While there is no doubt that much of karma is out of personal control, repayment cannot be denied and this should be done to the extent free will permits. That, in itself is sacrifice (yagnya).

Conclusion of Srimad Bhagawad Geeta (63-78)

Sri Krishna said – Thus, I have declared to you the profound wisdom. Hereafter, reflect and decide what you wish to do. Also, you are beloved to me and steadfast of heart. So, fix your cognition on the Brahman, or on Me. Them, be devoted to me, sacrifice to me, prostate to me, you will then merge with me. This is my pledge to you.

Renounce all conditioning (dharma) and surrender unto me. Then, I shall liberate you from all sins.
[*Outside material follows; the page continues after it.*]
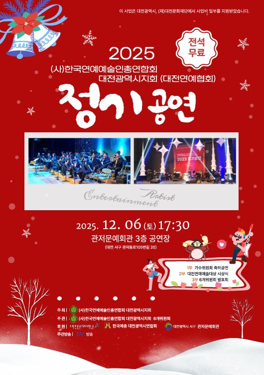 (»ç)Çѱ¹¿¬¿¹¿¹¼úÀÎÃÑ¿¬ÇÕȸ ´ëÀü±¤¿ª½ÃÁöȸ(ÁöȸÀå ÁÖÁ¤°ü)°¡ ÇÑ ÇØ¸¦ ¸¶¹«¸®Çϸç Áö¿ª ¿¬¿¹¿¹¼úÀÎÀÇ Ã¢ÀÛ È°µ¿À» Á¶¸íÇÏ´Â ‘2025 Á¤±â°ø¿¬’À» °³ÃÖÇÑ´Ù. À̹ø °ø¿¬Àº ´ëÀü¹®ÈÀç´Ü Áö¿ø»ç¾÷À¸·Î ¸¶·ÃµÆÀ¸¸ç, ½Ã¹Î°ú ¿¹¼úÀÎÀÌ ÇÔ²²ÇÏ´Â ¹®ÈÃàÁ¦ÀÇ ÀåÀ¸·Î ²Ù¸çÁú ¿¹Á¤ÀÌ´Ù.

This information should not be shared with one who is not disciplined or one who does not perform service. But if you teach this to the deserving, you will surely reach the Brahman and such a person will understand the meaning of sacrifice of his identity. Also, one who learns with an open mind shall also attain liberation. So Arjuna, has your delusion been destroyed?

Arjuna said – my delusion has been destroyed. Also, I have regained my awareness through your Maya. Consequently, I am firm and free from doubt and will do as you say.

Sanjaya said: I heard the wonderful dialogue between Arjuna and Sri Krishna, causing my hair to stand on end. Also, I have heard, through the grace of Vyasa, the secret of the supreme yoga espoused by the Lord of Yoga himself. Indeed, I rejoice again and again at the dialogue. Consequently, when I recall the wondrous form of Hari, I continue to remain astonished and rejoice again and again. Now, I am convinced that where there is Arjuna and Sri Krishna, there will be victory, prosperity, wealth and correct policy.

School of Yoga posits views that may be contrary to accepted positions: 

From verses 64 onwards, Sri Krishna advises Arjuna to surrender to him (Sri Krishna) for liberation.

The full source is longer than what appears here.